When you create a Pod, the Kubernetes scheduler selects a node for the Pod to
run on. Each node has a maximum capacity for each of the resource types: the
amount of CPU and memory it can provide for Pods. The scheduler ensures that,
for each resource type, the sum of the resource requests of the scheduled
containers is less than the capacity of the node.
Note that although actual memory
or CPU resource usage on nodes is very low, the scheduler still refuses to place
a Pod on a node if the capacity check fails. This protects against a resource
shortage on a node when resource usage later increases, for example, during a
daily peak in request rate.

## How Kubernetes applies resource requests and limits {#how-pods-with-resource-limits-are-run}

When the kubelet starts a container as part of a Pod, the kubelet passes that container's
requests and limits for memory and CPU to the container runtime.

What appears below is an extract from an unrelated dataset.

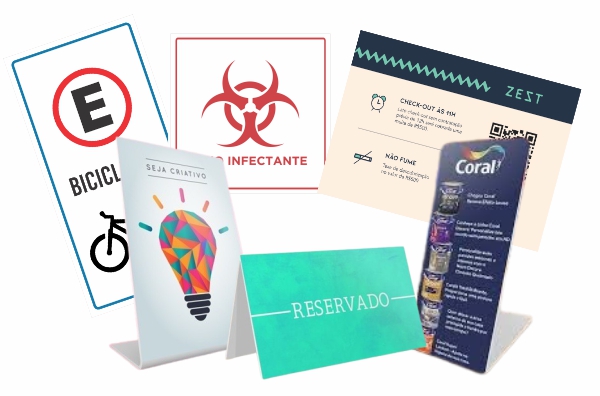 Displays e placas de sinalização em PVC e PS para sua empresa ou evento.
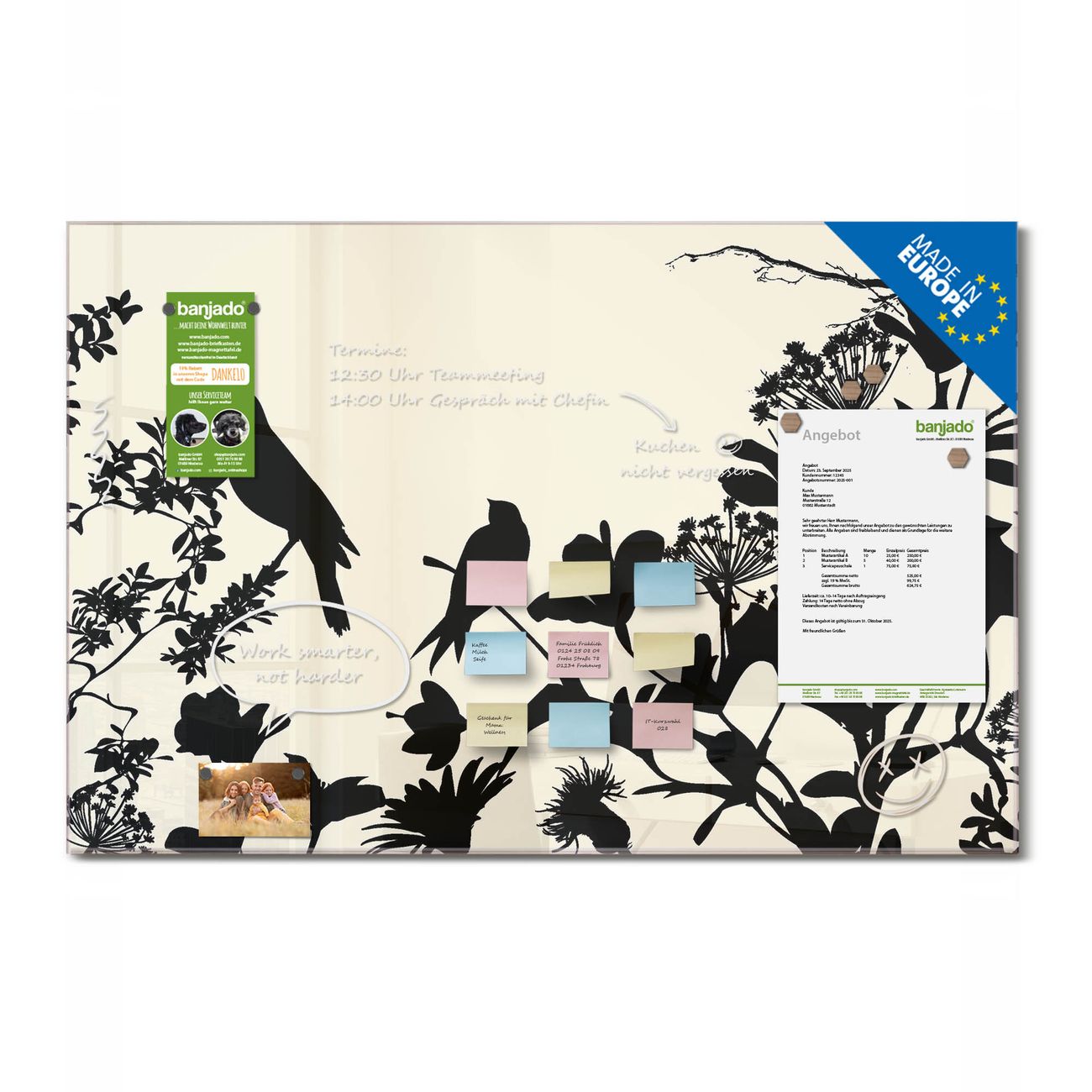 Glas Magnettafel im Querformat Motiv Vögel Schattenriß

On Linux, the container runtime typically configures
kernel {{< glossary_tooltip text="cgroups" term_id="cgroup" >}} that apply and enforce the
limits you defined.

- The CPU limit defines a hard ceiling on how much CPU time the container can use.
  During each scheduling interval (time slice), the Linux kernel checks to see if this
  limit is exceeded; if so, the kernel waits before allowing that cgroup to resume execution.
- The CPU request typically defines a weighting. If several different containers (cgroups)
  want to run on a contended system, workloads with larger CPU requests are allocated more
  CPU time than workloads with small requests.
- The memory request is mainly used during (Kubernetes) Pod scheduling. On a node that uses
  cgroups v2, the container runtime might use the memory request as a hint to set
  `memory.min` and `memory.low`.
- The memory limit defines a memory limit for that cgroup. If the container tries to
  allocate more memory than this limit, the Linux kernel out-of-memory subsystem activates
  and, typically, intervenes by stopping one of the processes in the container that tried
  to allocate memory. If that process is the container's PID 1, and the container is marked
  as restartable, Kubernetes restarts the container.
- The memory limit for the Pod or container can also apply to pages in memory backed
  volumes, such as an `emptyDir`. The kubelet tracks `tmpfs` emptyDir volumes as container
  memory use, rather than as local ephemeral storage.　When using memory backed `emptyDir`,
  be sure to check the notes [below](#memory-backed-emptydir).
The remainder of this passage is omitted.